Patient samples
Totally, the clinical liver tissue samples were acquired from surgical resection without preoperative treatment at Tongji Hospital of Tongji Medical College, Huazhong University of Science and Technology (HUST) (Wuhan, China). Hematoxylin and eosin (H&E) from the paraffin-embedded 5 μm thick slides were performed on the samples. Liver tissues were examined by pathologists experienced in liver diseases. Then, the liver tissues were classified according to the degree of fibrosis, S represents the stage of liver fibrosis. Written informed consent forms were provided and communicated to all patients. This study was approved by the Ethics Committee of Tongji Hospital, and it is compliant with the guidelines of the Declaration of Helsinki.
Animals and animal models
All animal procedures were performed following the Guide for the Care and Use of Laboratory Animals and standards articulated in the Animal Research: Reporting of In Vivo Experiments. All animal experiments were approved by the Committee on the Tongji Hospital of Tongji Medical College, Huazhong University of Science and Technology. The C57BL/6 mice (male, 6 weeks old) were housed and cared for according to the institutional guidelines for animal care.

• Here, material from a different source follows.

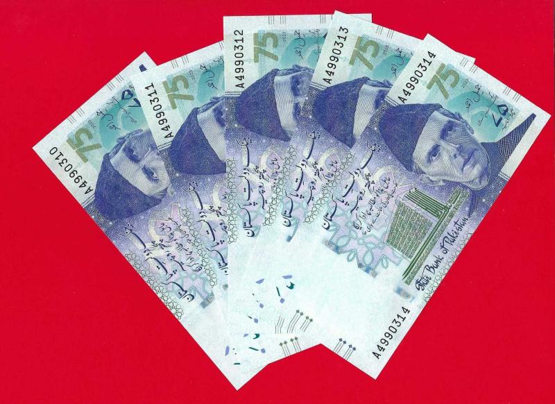 5 Adet Pakistan 75 Rupees 2023 P 57 Blue 75th Comm. NEW State Bank UNC ÇİL, 3 gün önce satışa sunulmuştur.
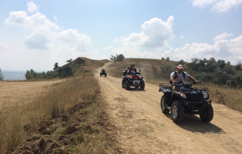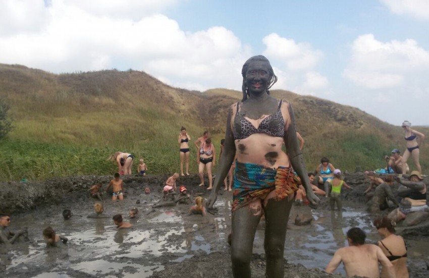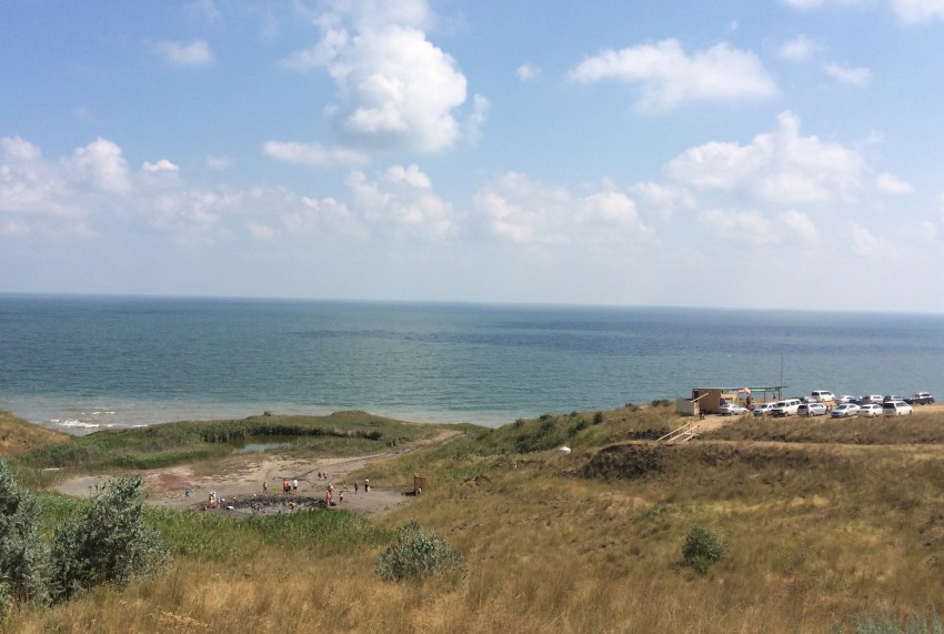 С утра мы переехали на мыс Пекла. Дорога проходила через персиковые сады и виноградники, бахчи, ореховые аллеи и привела нас на крутой берег Азовского моря. Здесь мы посетили ещё один грязевой вулкан — вулкан Пекла. У него ещё нет хозяина, и поэтому посещение его пока бесплатное. Здесь грязь отличается от предыдущего вулкана по цвету, запаху, консистенции.

For CCl4-induced liver fibrosis model (n = 8 each group), 25% CCl4 was dissolved using olive oil, and then, the mice were intraperitoneally injected with CCl4 (0.5 ml/kg body weight, twice per week for 4 or 8 weeks) or an equivalent amount of olive oil. Two days after the last injection, the mice were sacrificed, and livers were obtained for further study.

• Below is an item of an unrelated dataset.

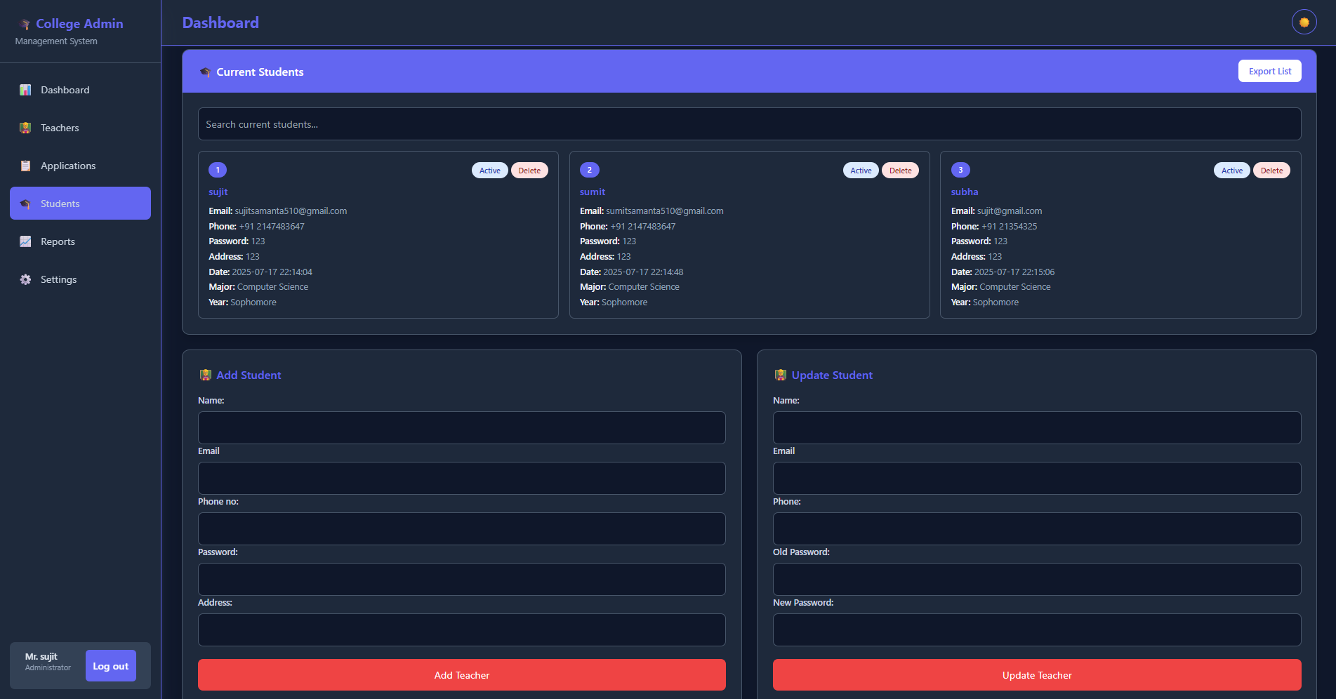 A collage management system with full-stack using PHP. Manage teachers, students, with real-time updates and team collaboration features.

For HFD-induced NAFLD model (n = 8 each group), mice were given either a standard chow diet as control or an high-fat diet (HFD) diet with 60% kcal from fat for 16 weeks.
For MCD-induced NAFLD model (n = 8 each group), mice were given a methionine/choline-deficient (MCD) diet and normal chow (NC) as control. After 4 weeks of feeding, the mice were sacrificed, and livers were obtained for further study.

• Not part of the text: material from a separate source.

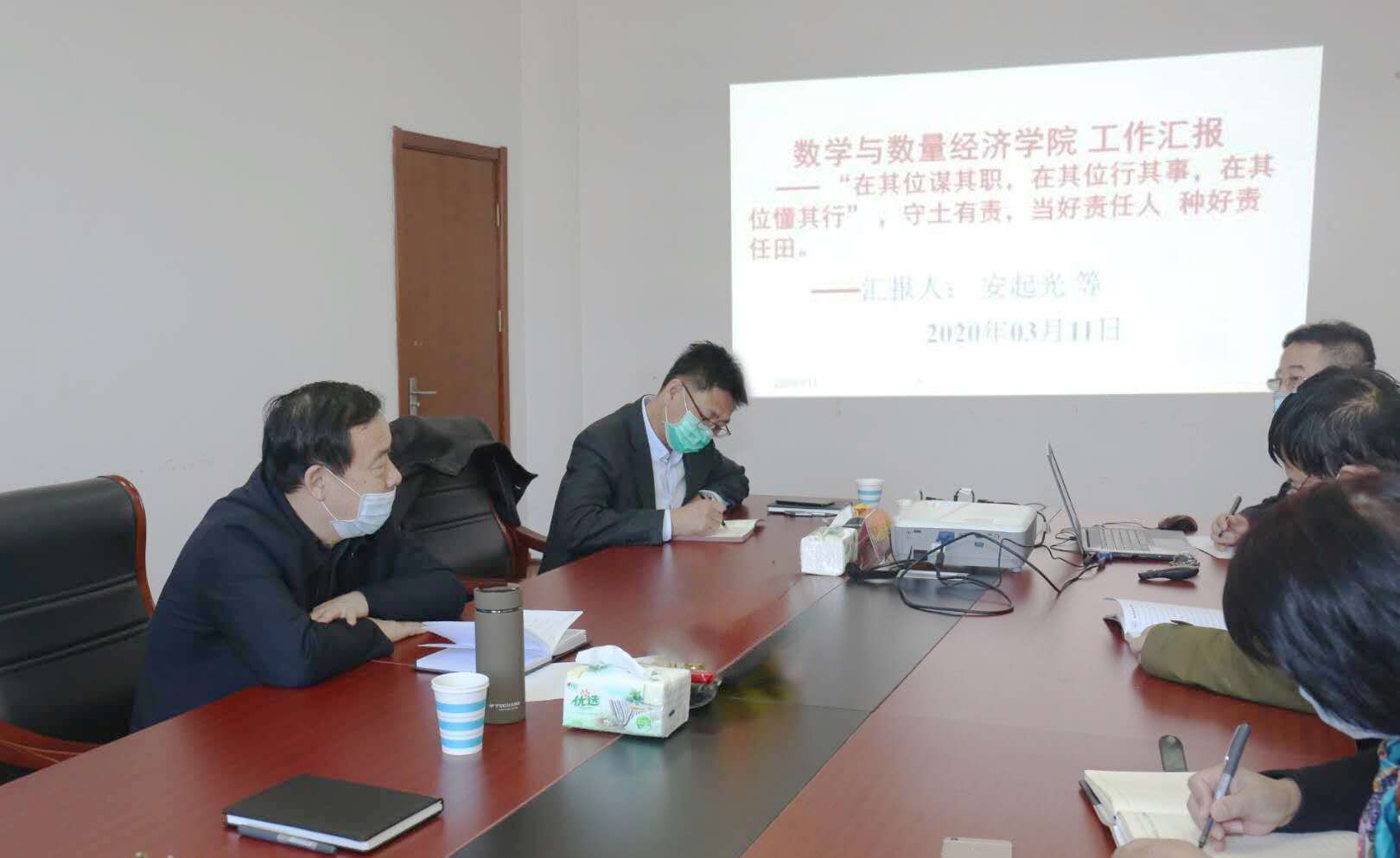 3月11日,学校党委书记王邵军一行来到swag做爱 调研疫情防控、新学期教学科研、学科建设、学院改革措施和数院参与区块链金融实验室建设情况。按照疫情期间要求,学院班子部分成员参加了调研。

For the ethanol-induced AFLD model (n = 8 each group), modeling process consists of three phases: liquid feed adaptation period (5 days), modeling period (10 days), and gavage (1 time), which takes 16 days in total. In the first period, all mice were fed the control Lieber-DeCarli diet without restraint. In the second period, the ethanol feeding group was given an ethanol Lieber-DeCarli diet containing 5% alcohol, and the control group was given feeding according to the average intake of the experimental group for 10 days. On day 16, when the gavage was administered mice were treated with a large dose of isocaloric ethanol (5 g/kg body weight). For the control groups, a control liquid diet and then added dextrin in the final stage. After 9 h, the mice were sacrificed, then livers were used for further study.
Immunofluorescence and image analysis
Immunofluorescence was detected on 5-μm-thick. Baking at 60 °C for an hour, the tissue sections were deparaffinized in xylene and dehydrated by gradient ethanol immersion. Then 3% (vol/vol) hydrogen peroxide was used to block endogenous peroxidase activity. The sections were incubated with mixed primary antibodies overnight in a humid chamber at 4 ℃. Then, multiple fluorescence-labeled secondary antibodies from different species had incubated in sections for 45 min at room temperature. The clinical liver tissues were stained for CD68 (OriGene Technologies, TA802949S, 1:200), CD206 (R&D SYSTEMS, # P22897, 1:200) and α-SMA (Abcam, ab124964, 1:200), DAPI (Promoter, Wuhan, China) was used to stain the nuclei. The mouse liver tissues were stained for F4/80 (ThermoFisher, #14-4801-82, 1:200), CD206 (R&D SYSTEMS, AF2535, 1:200) and α-SMA (Abcam, ab124964, 1:200). Digital images were obtained using a fluorescence microscope (Olympus, Japan). Images were gathered on a fluorescence microscope from single MMT cells co-expressing F4/80 (or CD68), α-SMA and CD206. Five high-power fields were randomly selected from the image, and then double or triple-positive cells were counted as per square millimeter by Image J.
Statistical analysis
All data are recorded as the mean ± S.D. Statistical analyses using one-way analysis of variance (ANOVA), followed by Tukey's post hoc tests using GraphPad Prism 5, P ≤ 0.05 was considered as statistically significant.